Wysłany: 17 Cze 05 10:44 • Temat postu: Lara Croft: Tomb Raider i Świątynia Czasu
Koło jaskiń Longmen,godź. 13:30,18 lipca.
Lara teraz jechała na motorku z jakimś chinskim gościem,ktory ciągle do niej gadał.Sama nie wiedziała o czym,nie interesował jej chinski zresztą...miałą własne problemy.W co ona wdepła??Raz,krąży w niej śmiertelny wirus,zdolny to uwolnienia się w każdej chwili,dwa - pracuje do jakiegoś elegancikowego szaleńca który to niby bawi się w wybawcę ludzkości,trzy - nie wie co robić!!Nigdy nie zastanawiała się nad Świątynią Czasu,ani tym co było z tym powiązane.Teraz musi zdać się na archeologiczny instynkt...Z daleka widziała wejście do grot.Wielki posąg ozdabiał wejście,a rośliny prawie całkowicie je zamaskowały.Gdzieś koło posągu był napis wstęp wzbroniony...Człowieczek podjechał i wysiadł wypuszczając Lare.Wszystko ją bolało bo taka jazda motorem wśród kamienistych dróg musiała kosztować bólem krzyża.Wysiadła obolałe i rozejrzałą się.Tylko tyle??Żadnych atakujących mistycznych potworów tylko pare roślin na krzyż??Nieźle.Zdziwiła się że Jacqeauise nie wysłał ludzi...ale cóś,służba nie drużba...Powoli wyjeła skromny plecacze z paroma racjami żywnościowymi,opatrunkiem i nożem.Jacqeauise nie chciał by lara mogła uzbrojona wyruszyć w świat.Pomyślał o wszystkim.Wchodząc poczuła obrzydliwy zapach stęchlizny.Zjetczała kapusta to nic przy tym smrodzie.Obrzydlistwo.Wzieła chustkę i zawineła ją sobie wokół ust.No teraz mniej śmierdziało.TEraz rozejrzawszy się zobaczyła że czeka ją wielka przeprawa.Jaskinie były ogromne.Posągi dawnych strażników i prawdopodobnie cesarzy były wszędzie.Różne występy.pochylnie...na górze widziała przejście.Tam musiała iść.Wspnęła sie na półke i zamierzała sie do skoku na następną.Phi,to nic przy jej skokach.Hop,jest.Teraz musi się podciągnąć i wejść na pochylnie później zeskoczyć i chwycić się,przesunąc troche w prawo,podciągnąć się,odskoczyć na następną pochylnie i chwycić się,potem opuścić i musiała potem bawić się w spidermana na pnączach.CHwile po tych zabiegach już była na górze.Tutaj już nie pachniało stęchlizną.Ale czuła jakąś moc,nie wiedziała jaką moc.Postanowiła odnaleźć manuskrypt jak najszybciej.Koło niej znajdowała się jakaś mapa,prawdopodobnie mapa jaskiń.

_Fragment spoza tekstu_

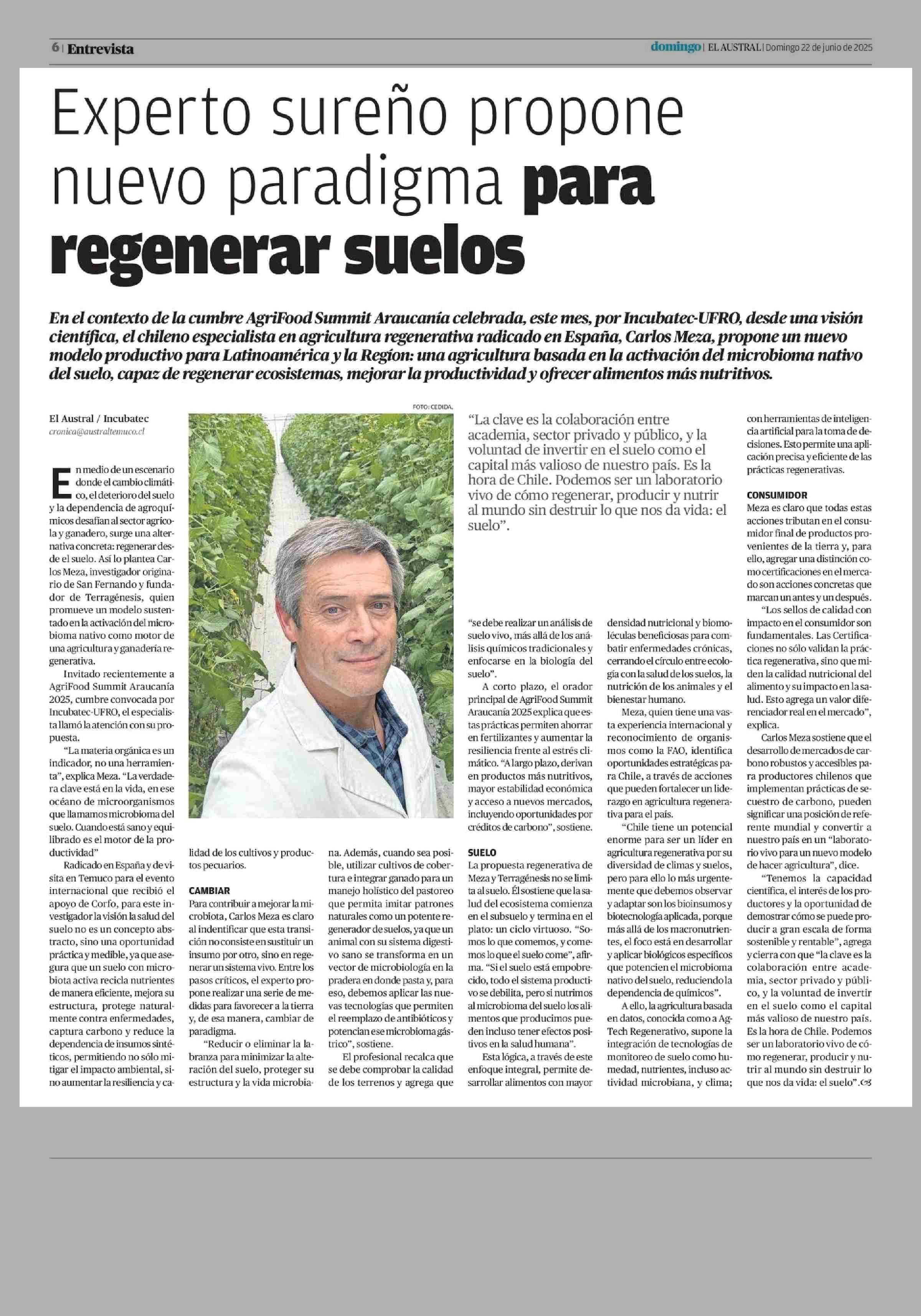 Experto sureño propone nuevo paradigma para regenerar suelos 22-06-2025 El Austral de la Araucanía |

-Hmmm...-zamruczałą do siebie- trzeba teraz iść w prawo...ale jest zamknięte.Gdzieś tu będzie przełącznik...-powiiedziałą i zaczeła sie rozglądać.Jest przełącznik.Ale za to za wielką przepaścią.Wzieła swój plecaczek i zaczełą grzebać...Gdzieś tam powinna być lina.Jest.Teraz celny rzut...naszczęscie to wajcha.Chwila bawienie się w kowboja i lina jest na wajchie...Lara zaczeła ciągnąć,całymi siłami bo wajcha była już stara,ale udało sie.Ściągneła line i zobaczyła jak wejście do biblioteki otwiera się.Nagle zobaczyła pare wilków.W tych stronach??Ale to nie były zwykłe wilki...one były za duże jak na nie i takie...mgliste!Wilki Olbrzymy z Mgły??Zoologiczna sensacja.Postanowiła je ominąć ale one ciągle na nią patrzały.Każdy krok był obserwowany,podązały za nią.Zirytowana takąsytuacją wyciągneła nóz i zaczeła im grozić.Chyba rozumiały co mówiła ale nie zamierzały jej posłuchać.Trudno.Niech robią co chcą.Biblioteka była duża...gdzieś daleko widać było zakurzoną i troche rozbitą szklaną szkatułkę.Tam widziała mape,i jej uwage przykuła nazwa Wyspy Putoshan,napisane po chinsku.Jednak coś z chinskiego rozumiała.Podeszła i rozbiła nożem szkatułkę.Mapa była stara...lepiej ją przerysować by jej nie zniszczyć.Wyjeła stary ołówek który trzymała w poszewce plecaka i kawałek papieru.Zaczeła rysować.Nawet nieźle jej szło...czysta perfekcja.Zadowolona ze swojego kartograficznego talentu,schowała mapę do plecaka.Odwróciłą się a wilki ciągle tam stały.Upierdliwe psiska.Ale nagle zaczeły iść w jej stronę.Powoli,spokojnie jakby zapraszały ją na herbate czy coś.Lara zaczełą się cofać i niechcący dotknęła podestu gdzie była mapa.Uszłyszała szuranie i nagle wszystko zaczeło się trząść.Wilki uciekły a gdy ona uciekała wejście zawaliło sie.Nagle poczuła ból u tyłu głowy,taki sam gdy została ogłuszona...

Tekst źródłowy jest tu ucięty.